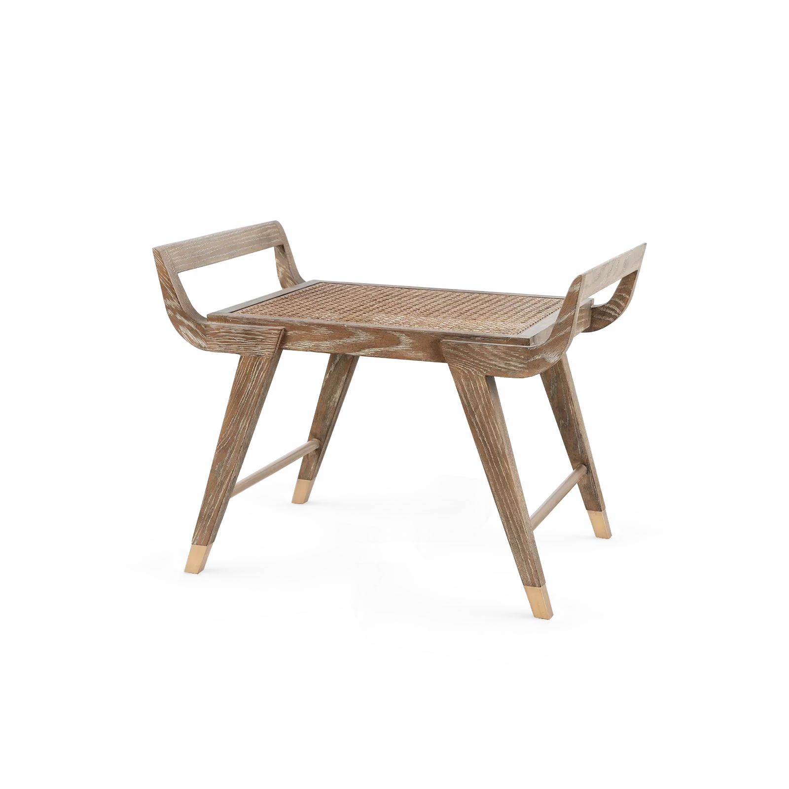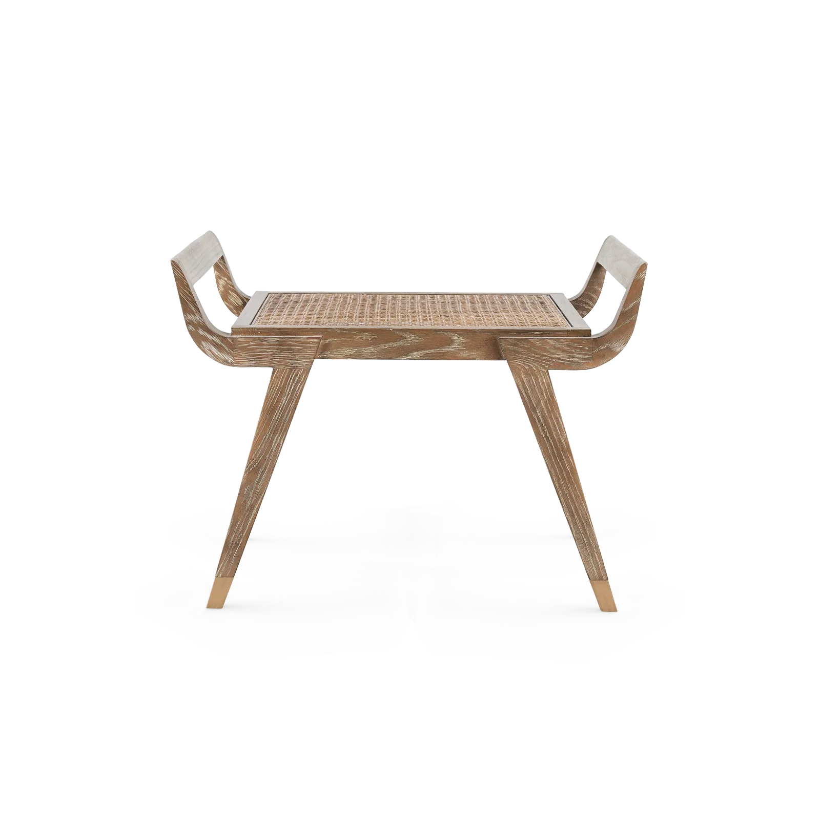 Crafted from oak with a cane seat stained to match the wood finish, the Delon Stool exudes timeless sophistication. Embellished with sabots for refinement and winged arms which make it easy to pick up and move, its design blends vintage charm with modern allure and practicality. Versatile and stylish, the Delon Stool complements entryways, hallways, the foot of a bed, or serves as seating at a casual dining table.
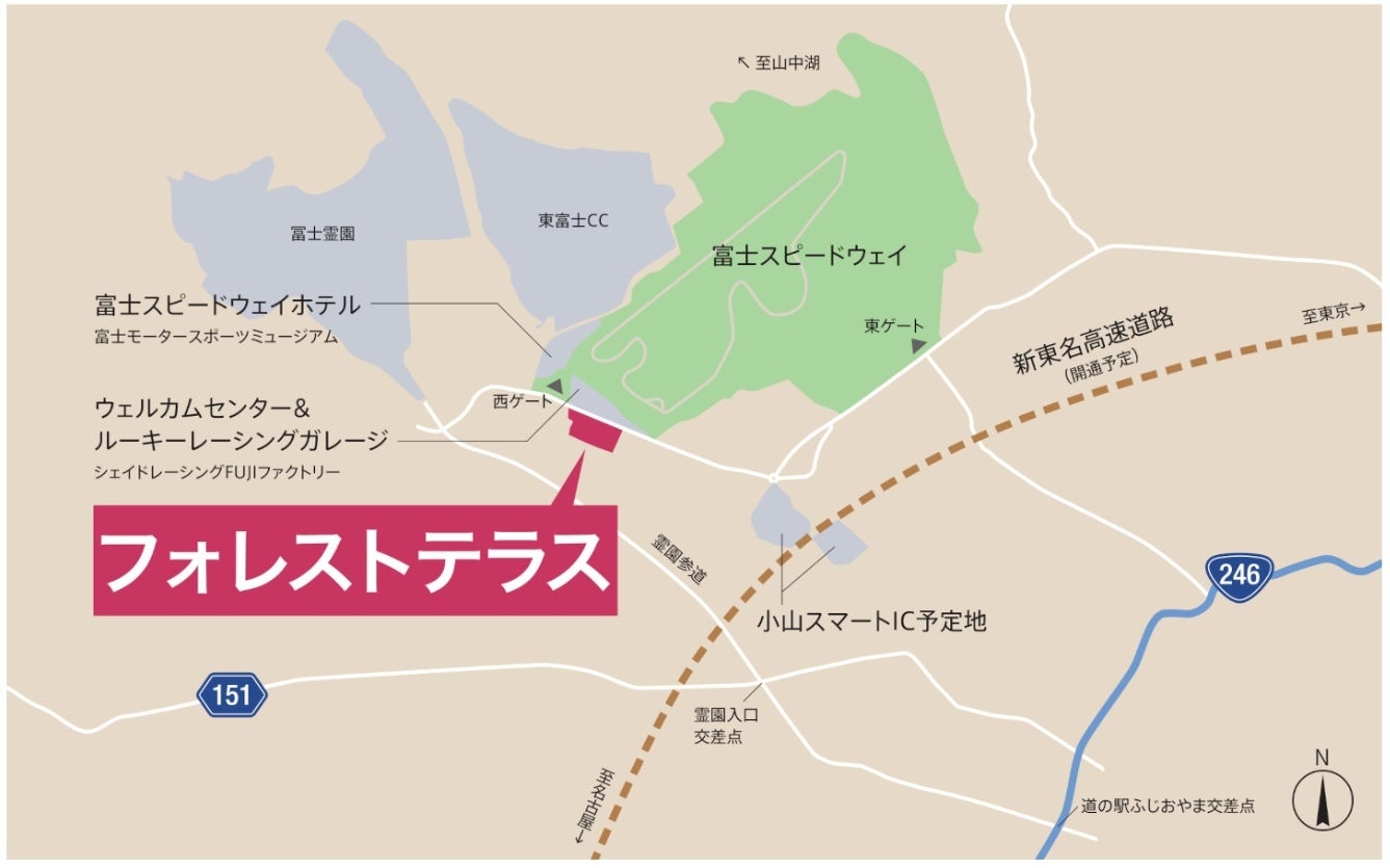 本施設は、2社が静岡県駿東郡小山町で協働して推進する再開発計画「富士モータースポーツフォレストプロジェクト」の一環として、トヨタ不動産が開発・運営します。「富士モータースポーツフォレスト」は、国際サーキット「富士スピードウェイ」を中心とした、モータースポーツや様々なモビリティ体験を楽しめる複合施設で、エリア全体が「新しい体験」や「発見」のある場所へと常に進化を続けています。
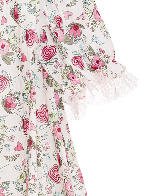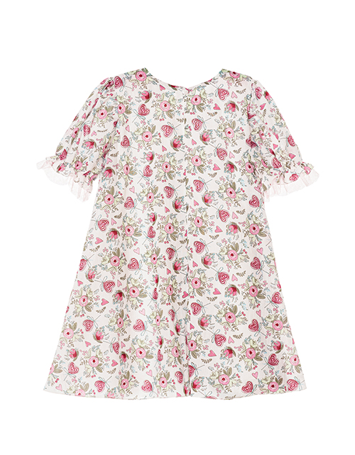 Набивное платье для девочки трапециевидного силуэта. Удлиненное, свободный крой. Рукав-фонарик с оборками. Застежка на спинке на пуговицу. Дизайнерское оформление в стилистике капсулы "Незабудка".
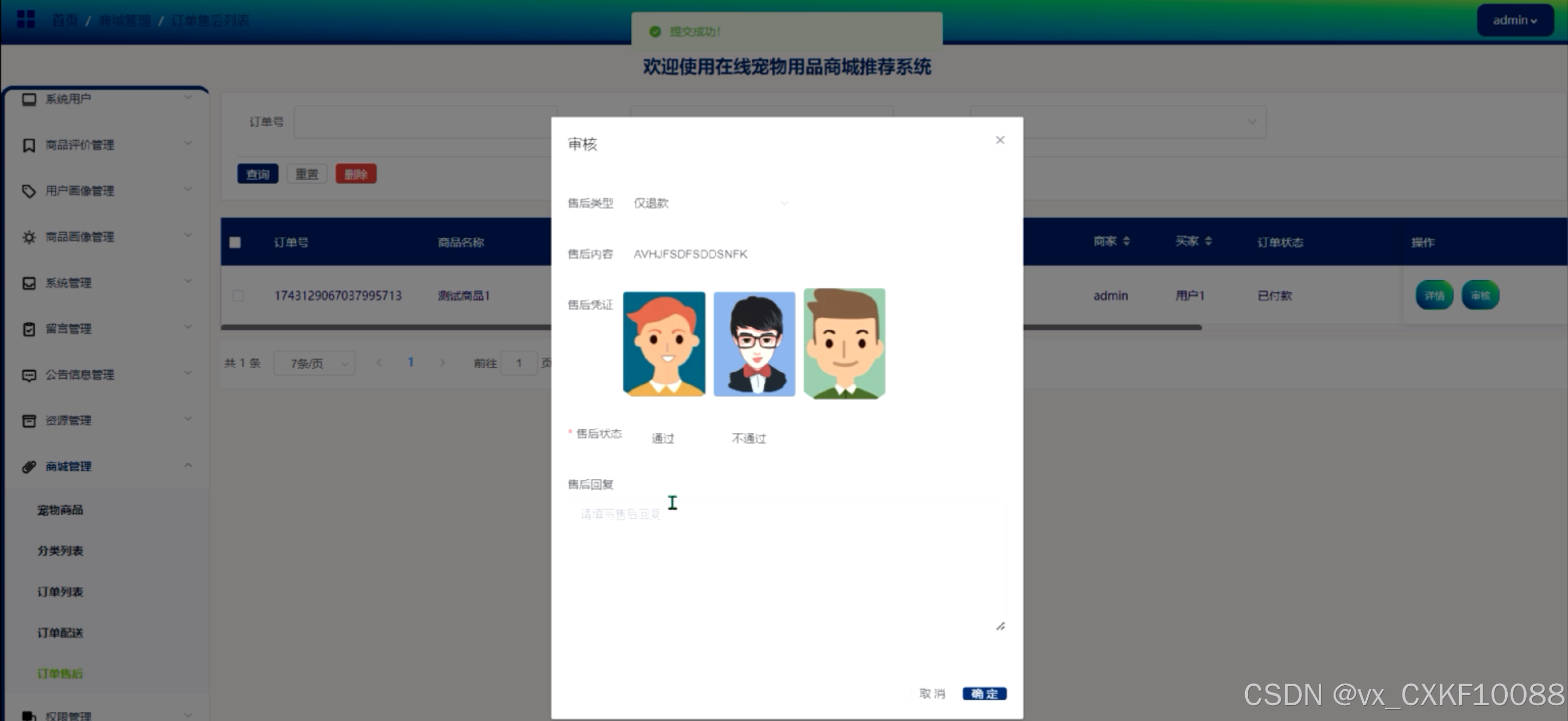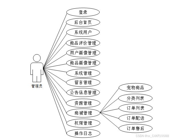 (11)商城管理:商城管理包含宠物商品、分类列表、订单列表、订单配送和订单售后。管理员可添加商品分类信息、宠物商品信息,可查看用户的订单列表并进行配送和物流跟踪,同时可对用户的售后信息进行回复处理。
----
WHAT IS BEING ASKED: Once the pictures are dropped, repeat the data above exactly.

TASK RESPONSE:
 Crafted from oak with a cane seat stained to match the wood finish, the Delon Stool exudes timeless sophistication. Embellished with sabots for refinement and winged arms which make it easy to pick up and move, its design blends vintage charm with modern allure and practicality. Versatile and stylish, the Delon Stool complements entryways, hallways, the foot of a bed, or serves as seating at a casual dining table.
 本施設は、2社が静岡県駿東郡小山町で協働して推進する再開発計画「富士モータースポーツフォレストプロジェクト」の一環として、トヨタ不動産が開発・運営します。「富士モータースポーツフォレスト」は、国際サーキット「富士スピードウェイ」を中心とした、モータースポーツや様々なモビリティ体験を楽しめる複合施設で、エリア全体が「新しい体験」や「発見」のある場所へと常に進化を続けています。
 Набивное платье для девочки трапециевидного силуэта. Удлиненное, свободный крой. Рукав-фонарик с оборками. Застежка на спинке на пуговицу. Дизайнерское оформление в стилистике капсулы "Незабудка".
 (11)商城管理:商城管理包含宠物商品、分类列表、订单列表、订单配送和订单售后。管理员可添加商品分类信息、宠物商品信息,可查看用户的订单列表并进行配送和物流跟踪,同时可对用户的售后信息进行回复处理。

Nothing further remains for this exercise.